Cuboidal tethered cyclodextrin frameworks tailored for hemostasis and injured vessel targeting.

Rationale: Targeted delivery of therapeutic drugs or imaging agents to injured blood vessels via nanocarriers is likely to be dependent on the particle shape, yet cubic nanoparticle carriers have not been reported for vascular targeting. Here, we demonstrate that cuboidal cyclodextrin frameworks possess superior hemostasis effect and injured vessels targeting compared with spherical counterpart. Methods: Cuboidal and biocompatible y-cyclodextrin metal-organic frameworks (CD-MOFs) are synthesized, tethered via crosslinking and surface modification with GRGDS peptide (GS5-MOFs). The specific interactions of cubic GS5-MOF nanoparticles with activated platelets were investigated by in vitro platelet aggregation assay and atomic force microscopy measurements (AFM). The hemostatic capacity and injured vessel targeting efficacy were evaluated in vivo.
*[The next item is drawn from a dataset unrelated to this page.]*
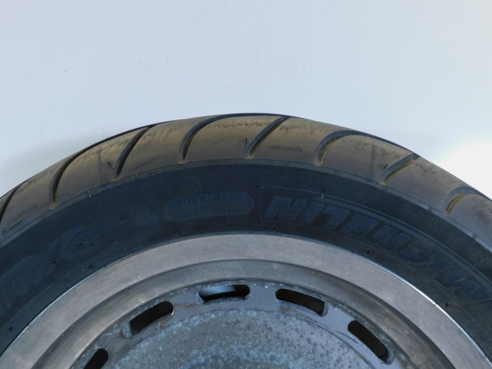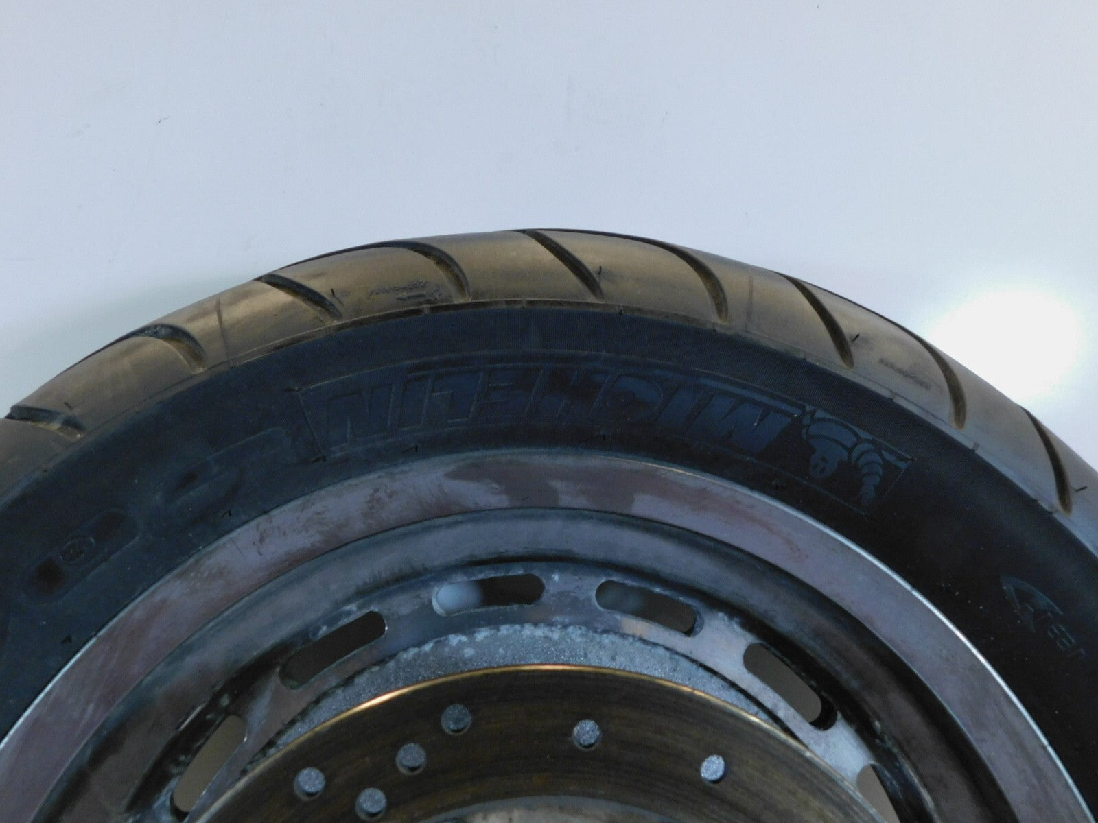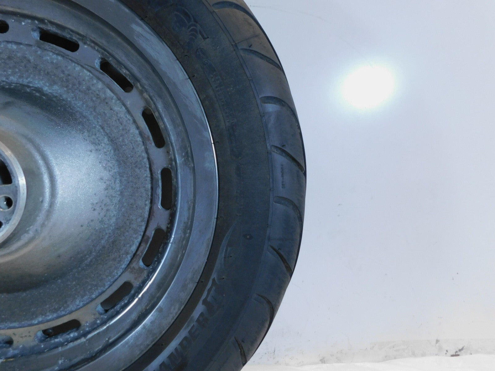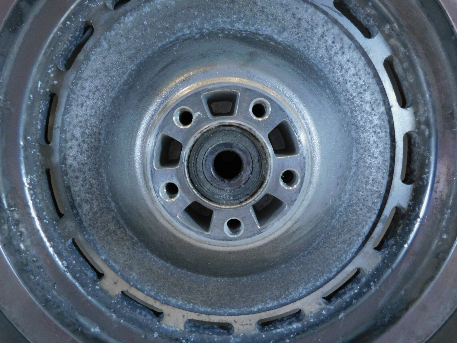 This is a used rear wheel. It is dirty and discolored from previous use; there is some pitting and chipping in the chrome (as pictured).

Results: Cuboidal GS5-MOF nanoparticles exhibit enhanced adhesion and aggregation with activated platelets in vitro under static condition and a physiologically relevant flow environment. The cubic GS5-MOF nanoparticles show efficient hemostatic effects with bleeding time and blood loss decrease of 90% and strong injured vessel targeting in vivo, markedly superior to spherical gamma-CD nanosponges with the same chemical composition. Conclusions: These results clearly highlight the contribution of the cuboidal shape of GS5-MOFs to the enhanced aggregation of activated platelets and high targeting to damaged vessels. The cuboidal nanoparticle system provides an innovative delivery platform for the treatment and diagnosis of vascular diseases.